Well, another Ubuntu version, another set of encryption performance tests. Here are the results for Ubuntu 24.04 on kernel 6.8 using ZFS 2.2.2. As I’m doing this for quite a few versions now, you can find older tests for Ubuntu 23.10, 23.04, 22.10, 22.04, 20.10, and 20.04.
Testing was done on a Framework laptop with an i5-1135G7 processor and 64GB of RAM. Once booted into installation media, I execute the script that creates a 42 GiB RAM disk that hosts all data for six 6 GiB files. Those files are then used in a RAIDZ2 configuration to create a ZFS pool. The process is repeated multiple times to test all different native ZFS encryption modes in addition to a LUKS-based test. This whole process is repeated again with AES disabled. As before, the test is a simple DD copy of 4 GB files; however, this time I included FIO tests for sequential and random read/write. One thing absent for the 24.04 round is a 2-core run. Relative performance between a 2-core and 4-core setup remained about the same over many years I’ve been doing this testing and thus it doesn’t really seem worth the effort.
Since I am testing on the same hardware as previously, I expected little to no difference in performance but I was pleasantly surprised as performance did significantly increase across the board by about 20%. Considering 23.10 decreased performance by 10%, it’s nice to see we have that performance recovered with a bit of improvement on top. If you need more disk performance out of your existing hardware, you should really consider upgrading to Ubuntu 24.04.
When it comes to the relative performance, nothing really changed. ZFS encryption is still more performant than LUKS on writes and LUKS exhibits slightly higher performance when it comes to reads. CCM modes are still atrocious but, if your processor doesn’t have AES support, might be useful.

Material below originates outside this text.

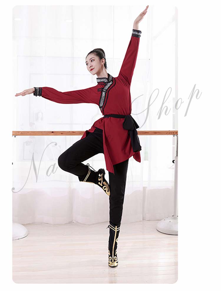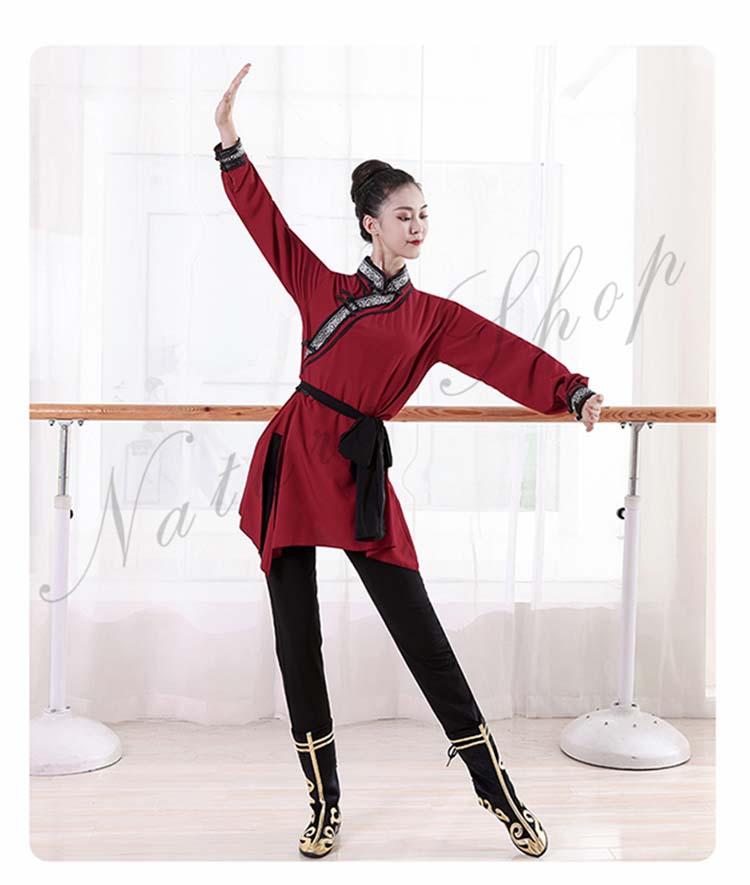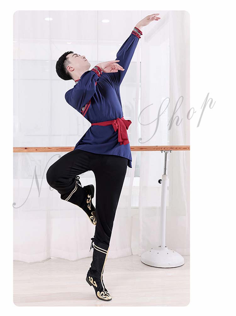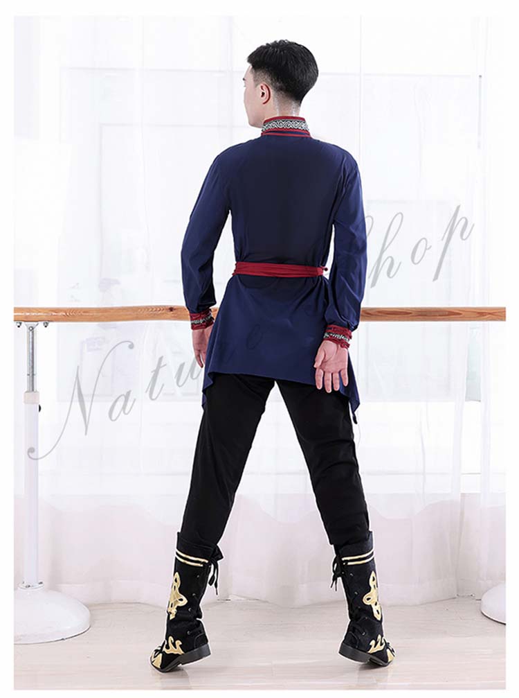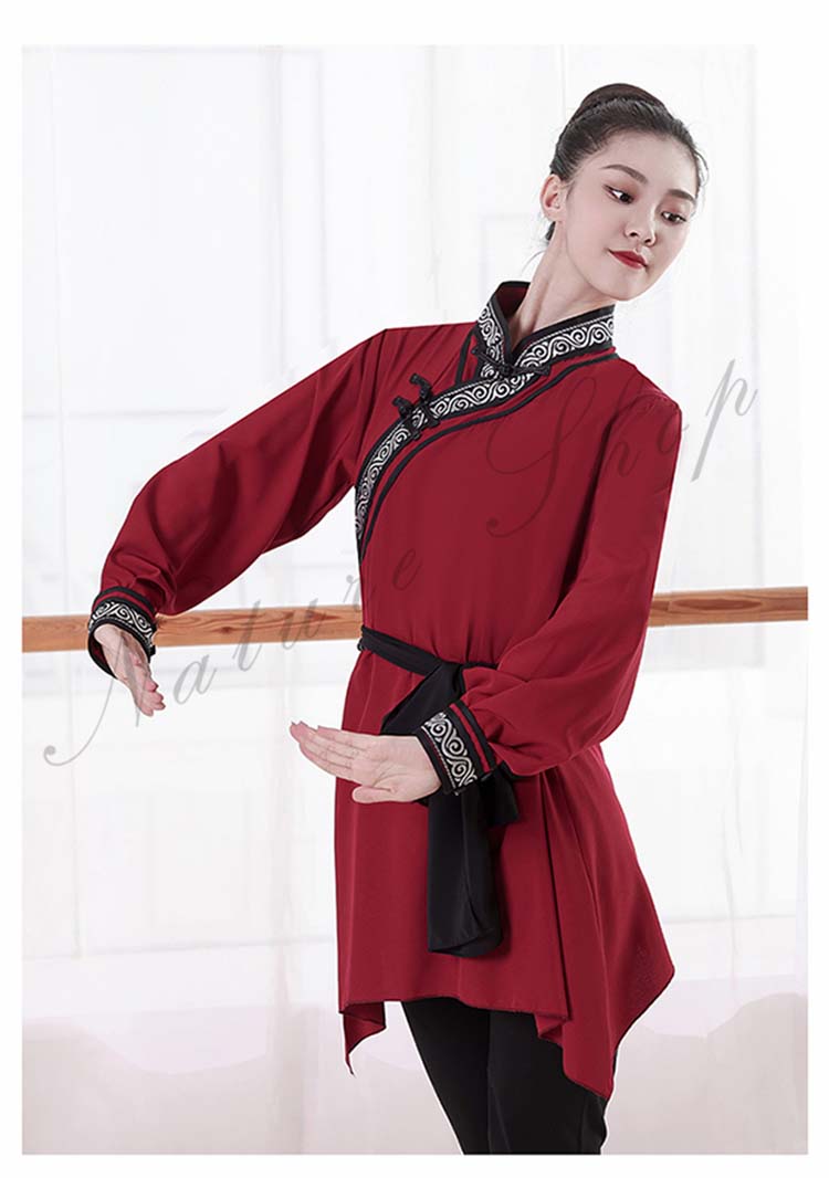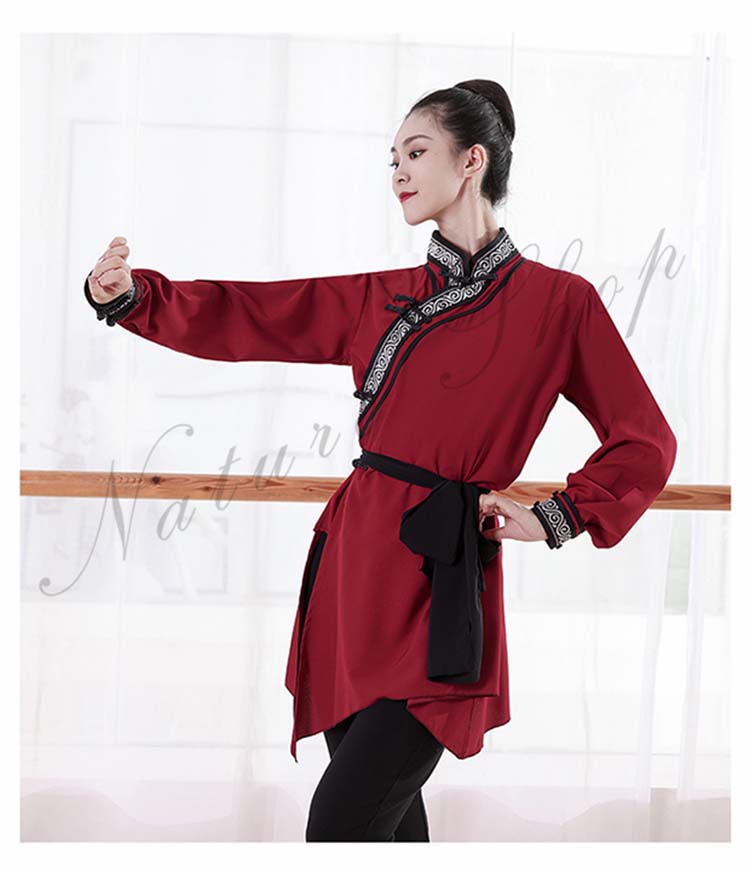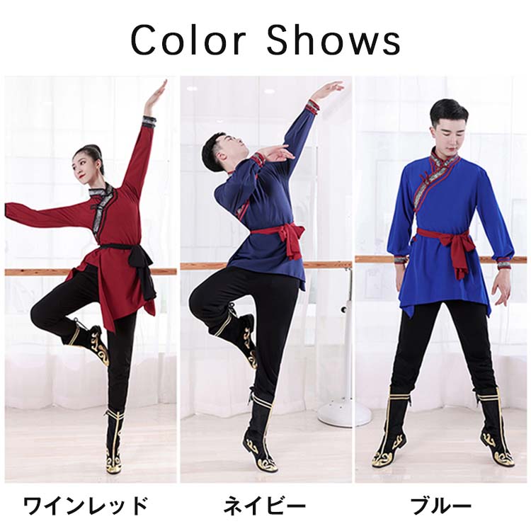 ダンス衣装 中華 練習着 レッスン着モンゴル舞踊 民族風 ダンス 衣装 チベット メンズ レディース 大人 長袖 ミドル丈 大きいサイズ エスニック ベルト紐 カンフー 太極拳 武術

As, going forward, I plan to use FIO instead of a simple dd copy, it’s as good time to analyze those numbers too. Unsurprisingly, the sequential performance numbers as compared to the simple DD copy are about the same. The only outlier seems to be read performance that drops a bit more than other readings. My best guess is that this is due to higher parallel IO demands FIO makes.
Since I am using FIO, I decided to add random I/O too. I expected results to be lower but numbers surprised me still. Write performance dropped to 50 MB/s without encryption. With encryption performance drops even further to 30 MB/s. Fortunately, real loads are not as unforgiving as FIO so you can expect much better performance in real-life.
In future, there are a few things I plan to change. First of all, I plan to switch onto using FIO instead of DD. While I will probably still collect DD data, it will just be there so one can compare it more easily to older tests and not as a main tool. Secondly, I plan to switch LUKS to 4K blocks and not bother measuring 512-byte sector size at all. Most of drives these days have 4K sectors and thus it makes sense that any proper LUKS installation would match that sector size. Making it default just makes sense. Performance-wise, they’re not a huge improvement but the do bring LUKS numbers closer to the native encryption.
PS: Raw data is available in Google Sheets.